An article released by the Wall Street Journal on September 1, 2019, discusses the impact that the 2018 boom in Classes 5-8 truck manufacturing had on freight in 2019.
Falling freight rates (as much as 20%) have been attributed to "more trucks than there are loads" for truckers and shippers.
Since this article was resealed in 2019, the pendulum has swung in the opposite direction...in a major way. North American truck manufacturers saw a decrease in demand in late 2019, and ACT Research projected a further decrease in 2020. Then, the pandemic hit, and everything just stopped.
In the wake of the global shutdowns, we have all witnessed the waterfall of supply chain issues impacting every industry, including commercial vehicle manufacturing. From chips to chassis, the ripple effect of the March 2020 shutdowns is still being felt in late-2021.
Freight rates and volumes are directly impacted by supply and demand.
How much freight needs to be shipped vs. how many trucks are available to haul the freight?
The influx of 2018 trucks ordered and built had created a large shipping surplus. With more trucks than freight available, the impact was lower freight rates, a market that favors shippers over carriers.
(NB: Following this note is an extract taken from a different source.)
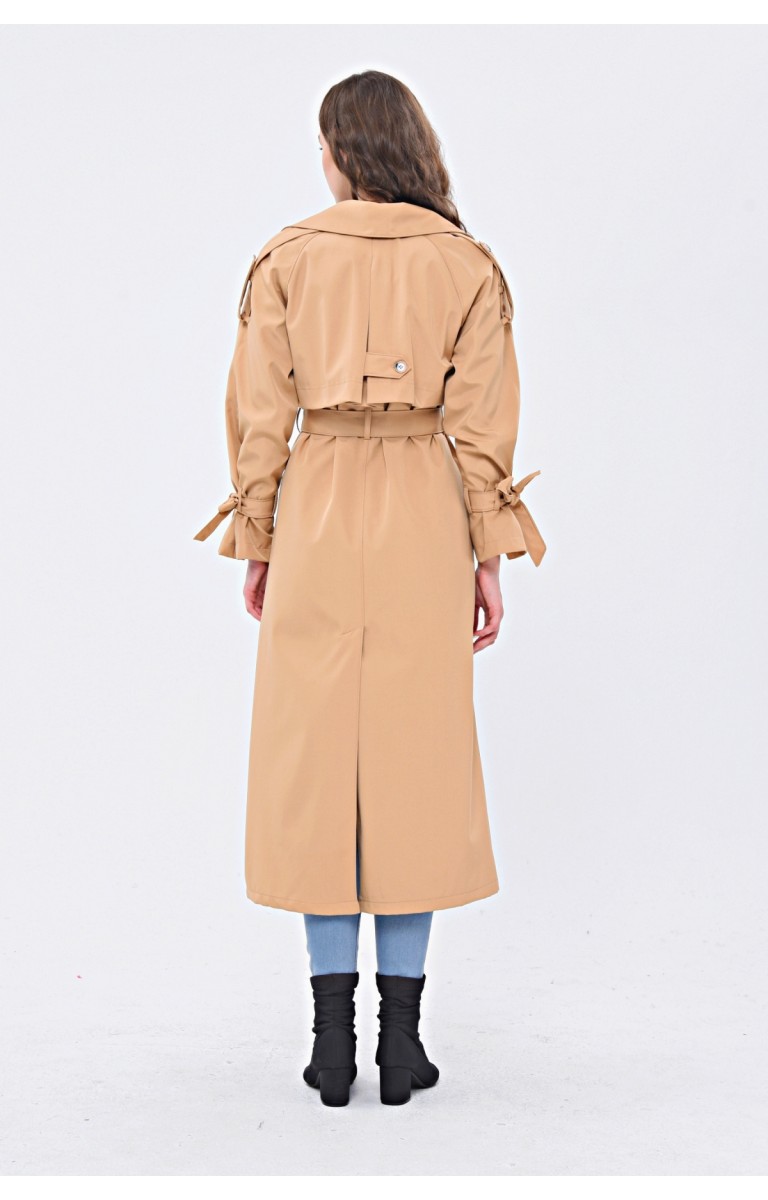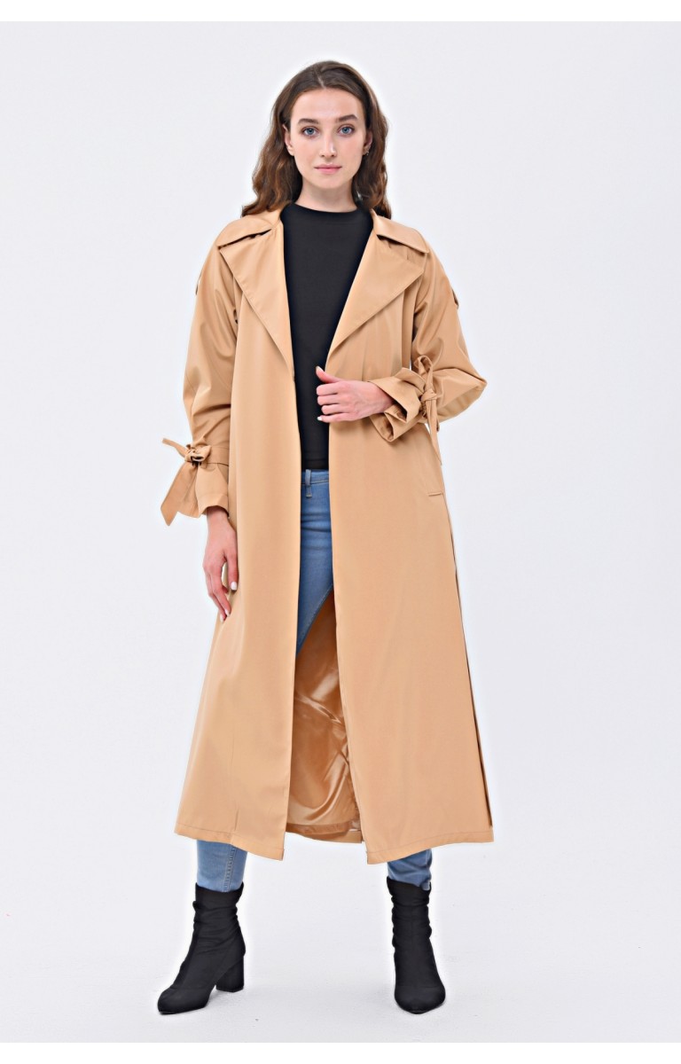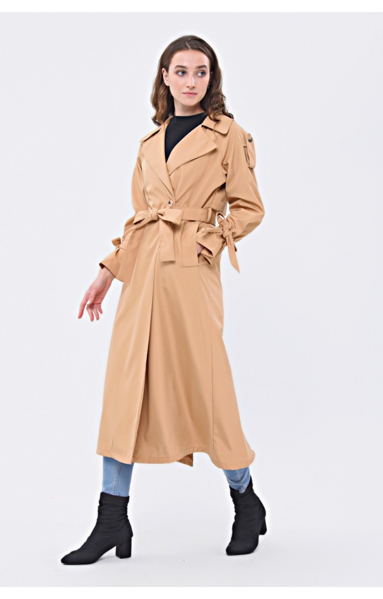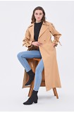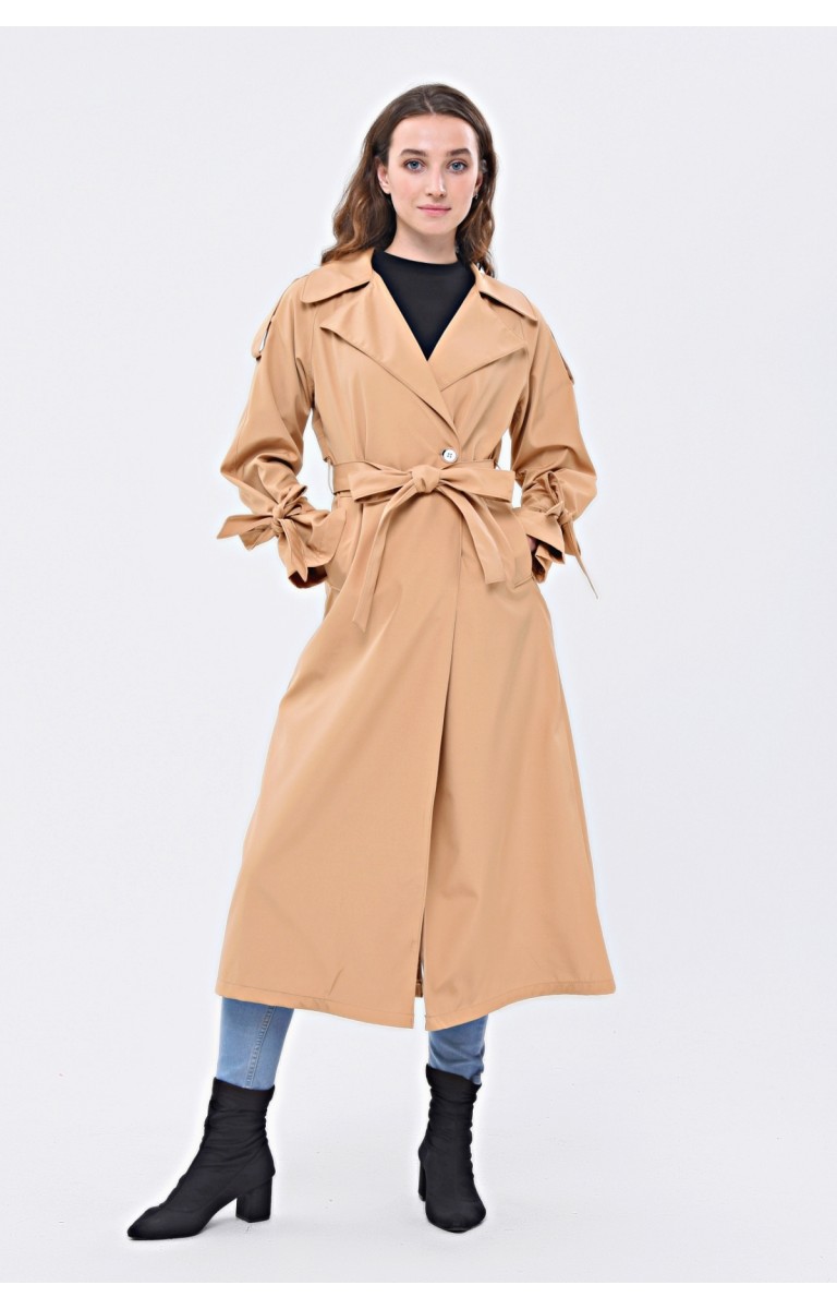 JAMİLA TEK DÜĞMELİ REGLAN KOL UZUN MEVSİMLİK ASTARLI TRENÇKOT - KAMEL

Today, we're still seeing signs of "stronger for longer" rates that favor carriers, all because the supply chain issues are impacting the production of new Class 8 tractors. The demand is there; it's palpable! Every major market indicator shows the market is ripe for new vehicle production. The parts just aren't there!
Instead, OEMs are lining their parking lots with red-tagged (partially completed) vehicles, awaiting parts to wrap these orders and deliver to customers.
The current market, while exaggerated, is a microcosm of the power dynamics of supply and demand, especially the impact of Class 8 tractors on spot and contract rates.
Preparing for these market shifts is exactly why ACT's Freight Forecast was created as a tool to give transportation transparency to shippers, carriers, logistics, brokers, and those working in the supply chain.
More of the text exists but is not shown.